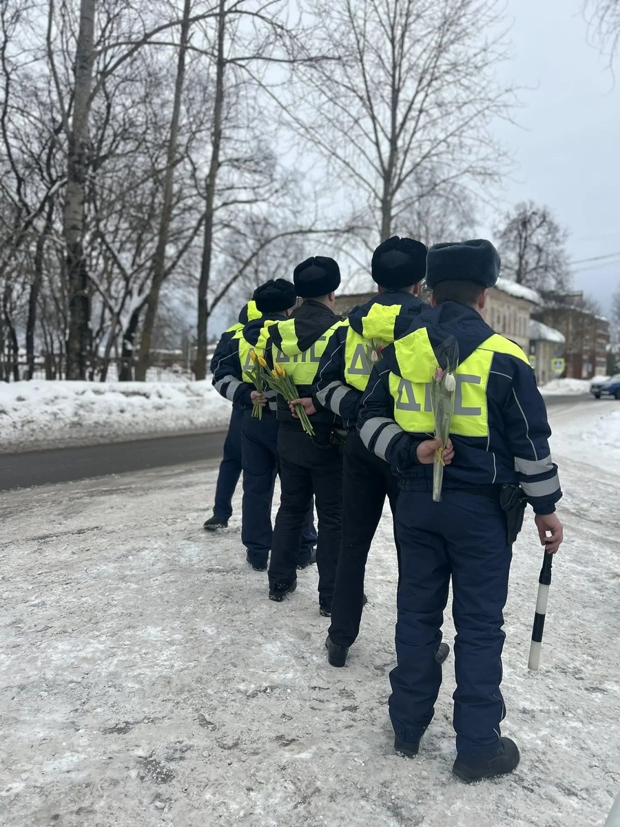 Сегодня дорожные инспекторы Вологодской области поздравляли женщин с 8 Марта
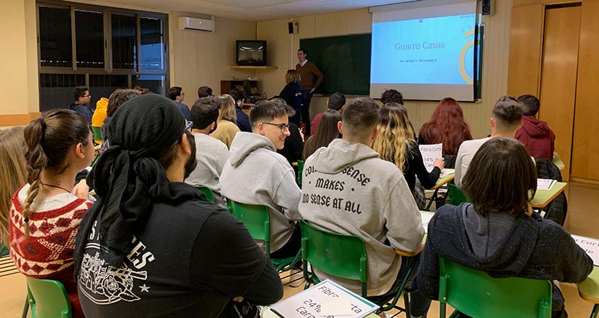 Daniel Domínguez, product manager de la empresa Arjowiggins-Guarro Casas, ha explicado esta semana a los alumnos del ciclo formativo de Grado Superior Diseño y edición de publicaciones impresas y multimedia los diferentes materiales de recubrimiento para encuadernación y packaging de lujo. Daniel describió las características de los materiales y también su aplicación en los diferentes productos.
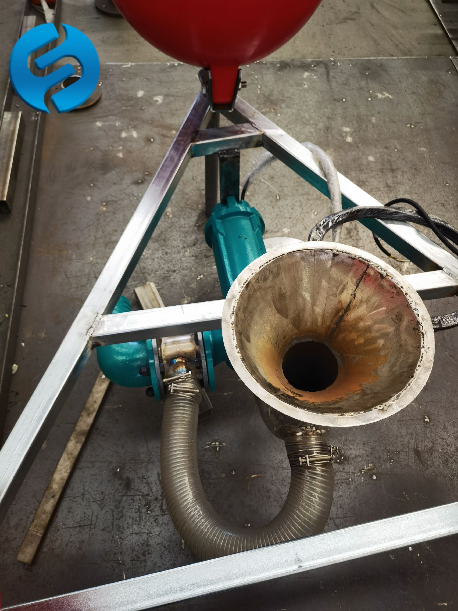 该机安装使用方便,可根据实际需要,确定设备工作时间和安装位置。使用时将吸沫机放置在浮泥集聚的区域,用三根绳分别拴在三个浮筒的绳环上,将三根绳索分三个方向牵引并固定即可。

#### [ASSIGNMENT]
Could you give the material above again, exactly and without its pictures?

#### [ANSWER TO THIS PROBLEM]
 Сегодня дорожные инспекторы Вологодской области поздравляли женщин с 8 Марта
 Daniel Domínguez, product manager de la empresa Arjowiggins-Guarro Casas, ha explicado esta semana a los alumnos del ciclo formativo de Grado Superior Diseño y edición de publicaciones impresas y multimedia los diferentes materiales de recubrimiento para encuadernación y packaging de lujo. Daniel describió las características de los materiales y también su aplicación en los diferentes productos.
 该机安装使用方便,可根据实际需要,确定设备工作时间和安装位置。使用时将吸沫机放置在浮泥集聚的区域,用三根绳分别拴在三个浮筒的绳环上,将三根绳索分三个方向牵引并固定即可。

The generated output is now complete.